# Ouchie turns 4 :-)



## horge (Sep 24, 2010)

She spent the afternoon in our laps while we watched a bunch of 
movies and stuff at home.

She seemed to relax best to _Tinker Tailor Soldier Spy_, _About Time_ 
and what seems to be her all-time #1 favorite... episodes of PBS' _
This Old House_.



Some images from the past four years:


----------



## Teddi4211 (Apr 30, 2014)

Happy birthday!


----------



## DesireeM81 (Jun 14, 2014)

Happy birthday!!


----------



## Charlie's mommy (May 16, 2014)

Her name is too cute and I love all her accessories, very fashionable little lady  it's funny she reacts to the movies, howie does that too and gets mad when the Jeffersons is on. :roll: happy birthday ouchie! xo


----------



## MomLady (Aug 14, 2010)

Happy Birthday Ouchie! 

LOL, she likes "This Old House". 

What did you get Her Royal Highness this year for her day?


----------



## horge (Sep 24, 2010)

Thanks for the thoughts, folks!
Poor howie, hehe. We don't get "the Jeffersons" over on this side of the Pacific 
We gave Ouchie a special snack of TetraBits granular fish food, and upgraded the 
extraction fan serving her bin.


----------



## CoffeeKat (Jan 15, 2014)

Happy Birthday, Ouchie! Love the name.

Just curious...what have you been feeding her? I think there are things we can learn from elderly hedgehogs  Not sure what, exactly, but....things. 

Do you know anything about her parents, how long they lived? Is she a cuddler or an explorer? Has she had any health problems? Does she like treats?

Sorry for all the questions, but obviously you are doing things right and enquiring minds want to know.


----------



## gracefulchaos01 (Mar 19, 2014)

Happy 4th birthday Ouchie! 
For note, you share a birthday with my sister. 
4 years is an awesome age and I hope all my babes live at least that long


----------



## horge (Sep 24, 2010)

CoffeeKat said:


> Happy Birthday, Ouchie! Love the name.
> 
> Just curious...what have you been feeding her? I think there are things we can learn from elderly hedgehogs  Not sure what, exactly, but....things.
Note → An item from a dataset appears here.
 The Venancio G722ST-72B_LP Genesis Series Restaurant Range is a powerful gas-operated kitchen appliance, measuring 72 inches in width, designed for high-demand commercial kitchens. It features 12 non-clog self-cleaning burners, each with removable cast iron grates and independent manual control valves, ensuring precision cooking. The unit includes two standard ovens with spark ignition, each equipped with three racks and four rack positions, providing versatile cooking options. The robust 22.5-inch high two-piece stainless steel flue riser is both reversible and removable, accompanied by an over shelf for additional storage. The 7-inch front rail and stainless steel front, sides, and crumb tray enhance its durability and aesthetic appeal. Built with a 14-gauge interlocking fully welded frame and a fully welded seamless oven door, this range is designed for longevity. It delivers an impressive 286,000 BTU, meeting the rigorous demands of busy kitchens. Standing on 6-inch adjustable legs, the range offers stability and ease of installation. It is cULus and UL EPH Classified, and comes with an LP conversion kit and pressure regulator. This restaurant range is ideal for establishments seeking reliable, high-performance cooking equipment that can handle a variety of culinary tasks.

The things I do/have differently from what I've seen here on HHC are:

- I use Chipsi bedding, spot clean daily and overhaul twice weekly.
The whole plastic bin gets washed thoroughly and sun-dried weekly.
The bin has an active vent, pulling air to the outdoors. This is only
easy here because I live in the tropics --it would be tough in locales 
where winter cold is an issue), but the turnover of air keeps the 
environment in her bin and in our house smelling fresh.
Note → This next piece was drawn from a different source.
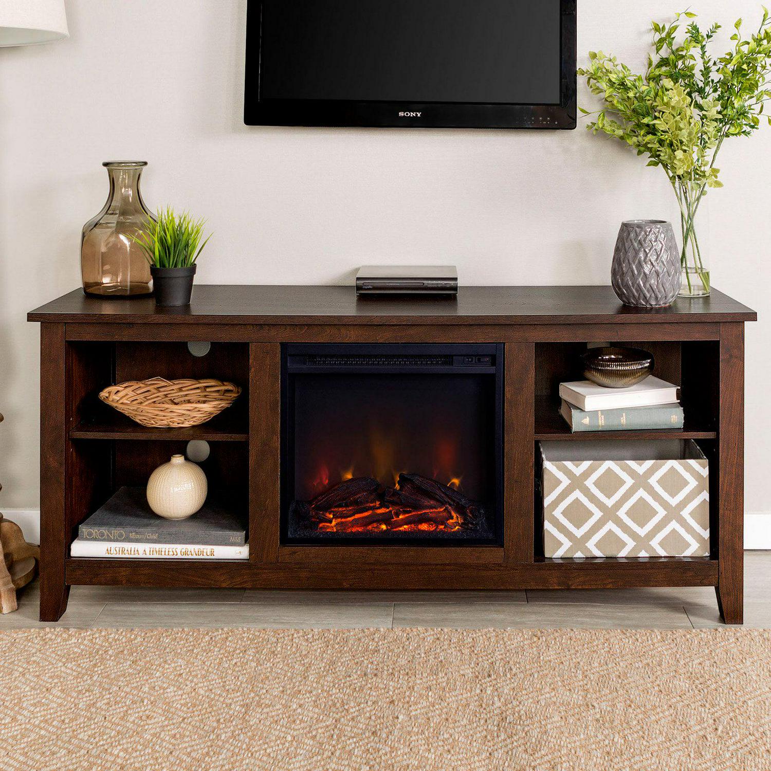 The charming and functional style of the Walker Edison 58-in. Wood Fireplace Media TV Stand Console makes it the perfect piece to center your family around. This rustic-inspired piece features a wide top for a flat-panel TV above an electric fireplace. This emission-free fireplace uses nothing more than a standard wall outlet to provide light. The ceramic interior has the look of crackling logs, but there’s no burning fuel, cinders, sparks, or ash to concern yourself with. The fireplace is flanked by two open storage compartments with adjustable shelves. The body of this console is crafted from high-grade engineered wood with a scratch-resistant laminate finish. The rustic brown tone of the finish gives it a classic feel that will make it right at home in your space.

- Ouchie thrives on fairly low-protein diet. She's been on Purina
Friskies for kittens (chicken & fish) since 2011. She used to be mad
for garden millipedes and small crickets, but she lost interest in
those even before she turned 1.

- Since late 2010, she's gotten a bath every weekend. Warm water 
sudsed up with Safeguard classic beige and several drops of Body 
Shop "Tea Tree Oil Wash". Rinses with warm water, then it's paper 
towels and a low-heat blow drier to get her as dry as possible as 
quickly as possible. It's warm and humid in the Philippines, so I 
don't face the challenge of moisturizing hedgie skin, what I have 
to deal with is fungal issues -- skin and spines left damp can start 
to smell like moldy wood. I feel the sun's UV helps keep a hedgie's 
skin and spines problem-free, so she gets a few minutes' exposure 
at least every couple of days.

- Lots of handling/cuddling and very frequent outdoor time, even
just a few minutes every other day, so she gets a very varied
environment --new scents and stuff. I believe a bored hedgehog
is a depressed hedgehog, and more vulnerable to disease/aging.
Even though hedgehogs are solitary, I think they can get lonely,
too, and I think gentle human handling staves that off.



> Do you know anything about her parents, how long they lived? Is she a cuddler or an explorer? Has she had any health problems? Does she like treats?


- Her parents are an Algerian choco and an Algerian grey. Ouchie
takes after her maternal grandfather in coloring, but she's a lot
slimmer --maybe that's because of dietary differences. Sadly, I 
lost touch with the 'breeder' when the bbforum we met on went 
kaput.

- Her ears show mite-scarring. She's had the trouble since I first 
had her. She had a gait problem in her first year, because I did
not trim her rear-paws' claws more regularly. Only one instance
of a digestive problem, after I let her taste a grape wayyy back 
(HHC's Nancy cured me of my ignorance re toxicity).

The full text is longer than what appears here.